What changed with reasoning models
Plain CoT prompting was a free trick: add a phrase, get better results. Reasoning-model training is the same idea, but moved from prompt-time to train-time. Roughly: generate many CoTs per problem, score the final answers, and reinforce the model toward producing CoTs that lead to correct answers — often via reinforcement learning with verifiable rewards on math and code. The exact recipes behind o1, R1, and the extended-thinking modes are not fully public; the public DeepSeek-R1 paper is the most detailed open description I’m aware of, and even it leaves real gaps about the data mixture and reward shaping.
The visible consequence: the model emits a long internal monologue (often hidden from the user), and the answer that follows is markedly better on tasks that benefit from working through. The invisible cost: those tokens are real compute, and your latency and bill scale with them.
Where CoT misleads you
A few seams worth knowing:
- CoT is not a window into the model’s “real” reasoning. It’s a generated artifact, sampled from the same model. There’s a growing literature (Turpin et al. and others) showing that models can produce a fluent CoT that is not the actual cause of their answer — the answer correlates with biases in the prompt the CoT never mentions. Treat the trace as suggestive, not as a proof.
- It can hurt on easy tasks. Forcing a model to ramble through a trivial classification can introduce errors that wouldn’t have happened in a one-token answer. The “think step by step” reflex is a tool, not a constant.
- The improvement is not uniform across model sizes. The original CoT papers reported that small models barely benefited, or got worse, while large models benefited a lot — the so-called “emergence” of CoT ability. Whether “emergence” is a real discontinuity or an artifact of how we measure has been argued back and forth (see Schaeffer et al., “Are Emergent Abilities of Large Language Models a Mirage?”); I don’t think it’s settled.
Famous related terms
- Self-consistency —
self-consistency = sample N chains of thought + majority vote on final answer. A cheap variance reducer on top of CoT. - Tree-of-thoughts —
ToT ≈ CoT + branching + a search procedure. Explore multiple reasoning paths and prune. More expensive, sometimes much better on planning-shaped tasks. - Reasoning model —
reasoning model = base LLM + RL training that rewards correct answers after long internal CoT. The production form of the trick. - RLHF — the older “make the model behave” lever. Reasoning training is a sibling: same RL machinery, different reward.

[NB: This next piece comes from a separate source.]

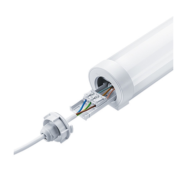 Eine LED-Leuchte der Schutzklasse IP66 für hochwertige, energiesparende Beleuchtung in feuchten, staubigen Umgebungen. Opaler Diffusor für eine gleichmäßige Beleuchtung. Durchgangsverdrahtung: ausgestattet mit zwei 3-poligen Push-Anschlussklemmen (N, Erdungsanschluss, L) als Standard. Einfache, schnelle und werkzeuglose Installation dank Twist-&-Lock-Mechanismus an den Endkappen für Zugriff auf die Push-Anschlussklemmen. Flexible Installation, da die Montageklammern frei an der Leuchte positioniert werden können. Sehr gute Effizienz und bis zu 50% Energieeinsparung im Vergleich zu Leuchten mit T8-Leuchtstofflampen. Gehäuse: Polycarbonat, weiß Diffusor: Polycarbonat, opal Endkappen: Polycarbonat, weiß Befestigungen: Edelstahl Gewicht: 1,65 kg
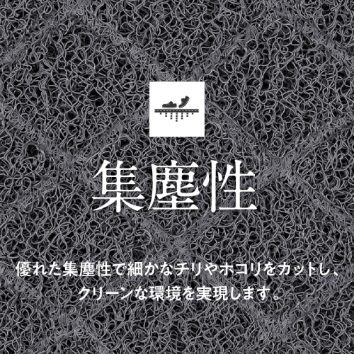 スパイラル構造による通気性、集塵効果性、クッション性に富み、耐久性に優れたマットです。

- In-context learning — the broader phenomenon CoT lives inside: models adapt their behavior to patterns shown in the prompt, with no weight updates. See in-context learning.
- Test-time compute —
test-time compute = work done per query at inference, not at training. CoT is the original way to spend it; sampling, search, and verifier-guided decoding are newer ways.
Going deeper
- Wei et al., Chain-of-Thought Prompting Elicits Reasoning in Large Language Models (2022) — the paper that named the effect.

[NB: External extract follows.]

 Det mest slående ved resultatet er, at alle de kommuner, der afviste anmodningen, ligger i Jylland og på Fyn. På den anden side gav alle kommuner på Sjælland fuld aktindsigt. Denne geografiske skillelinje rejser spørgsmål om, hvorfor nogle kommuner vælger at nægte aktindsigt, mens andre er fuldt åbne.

- Kojima et al., Large Language Models are Zero-Shot Reasoners (2022) — the “let’s think step by step” version, no examples needed.
- Turpin et al., Language Models Don’t Always Say What They Think (2023) — the most-cited demonstration that CoT traces can be unfaithful to the actual reasoning.
- DeepSeek-AI, DeepSeek-R1 technical report (2025) — the most detailed public description of training a reasoning model, useful even if you never plan to train one.
What I’m confident about: the mechanical story (more tokens = more compute = more intermediate state) and the empirical effect on hard multi-step tasks. What I’m less confident about: the precise mix of “extra compute,” “self-conditioning on intermediate results,” and “matching a training-distribution pattern” that explains how much CoT helps on any given task. If someone tells you they have that decomposition pinned down, ask for the citation.